Anti-tumor effects of resveratrol on malignant melanoma is associated with promoter demethylation of RUNX3 gene.

Abstract

The natural phytoalexin resveratrol (RES) has exhibited excellent anti-tumor effects on a variety of tumors including malignant melanoma. However, its specific mechanism of anti-melanoma needs to be further explored. It has been reported, that the expression of tumor suppressor gene RUNX3 was lost or substantially decreased in melanoma. Whether RES exerts its anti-tumor effect by regulating the expression of RUNX3 gene in melanoma is worthy of study.

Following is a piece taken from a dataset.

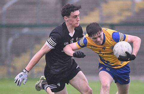 Roscommon corner-back Colin Murray tries to extract himself from Sligo forward Cathal Gilligan during Friday evening's Connacht minor football championship encounter at Dr. Hyde Park. Picture: Gerard O'Loughlin
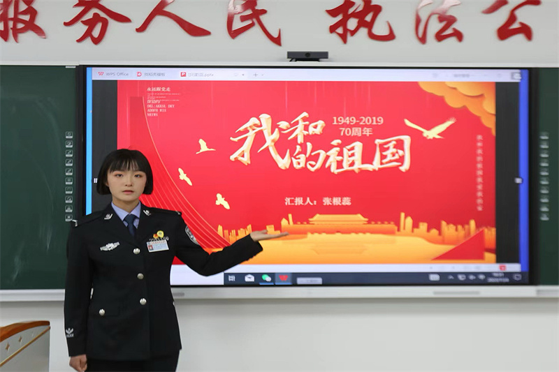 “党之荣光,吾辈承扬”,作为警校学子,张根蕊同学真诚地希望能够加入中国共产党。自入校以来,张根蕊同学一直担任班级卫生委员一职,她怀着高度的责任心和集体荣誉感,每天提醒同学按时做好卫生清洁,甚至时常独自一人处理班级卫生死角。她相信要做好一件事一定要有高度的责任心,只有认真履职尽责才能逐步达到完善的境地。她积极向党组织靠拢,坚持不懈学习党的理论知识,深入了解党的方针政策,时刻以党员标准要求自己。在本学期初,她终于成为了一名入党积极分子,那一刻,她的心情格外激动。

In the present study, we found the RUNX3 promoter is hypermethylated and the expression of RUNX3 mRNA and protein are absent in melanoma cells B16F10. After intervention with RES, promoter hypermethylation of RUNX3 in B16F10 cells could be significantly decreased and mRNA and protein expression of it was upregulated in a dose-dependent manner. We further investigated the effects of RES on B16F10 xenograft models. The intervention of RES and treatment of melanoma positive drug dacarbazine (DTIC) both could significantly inhibit tumor growth in xenograft mice, but only RES could upregulate the expression of RUNX3 mRNA and protein in peripheral blood and tumor tissues. Therefore, the upregulation of mRNA and protein expression of RUNX3 resulting from promoter demethylation might be one of the mechanisms of RES inhibiting melanoma. This research has revealed a novel mechanism for RES against melanoma from the epigenetic perspective, which is helpful to improve the understanding of the anti-tumor mechanism of RES and provide new insights for the treatment of melanoma.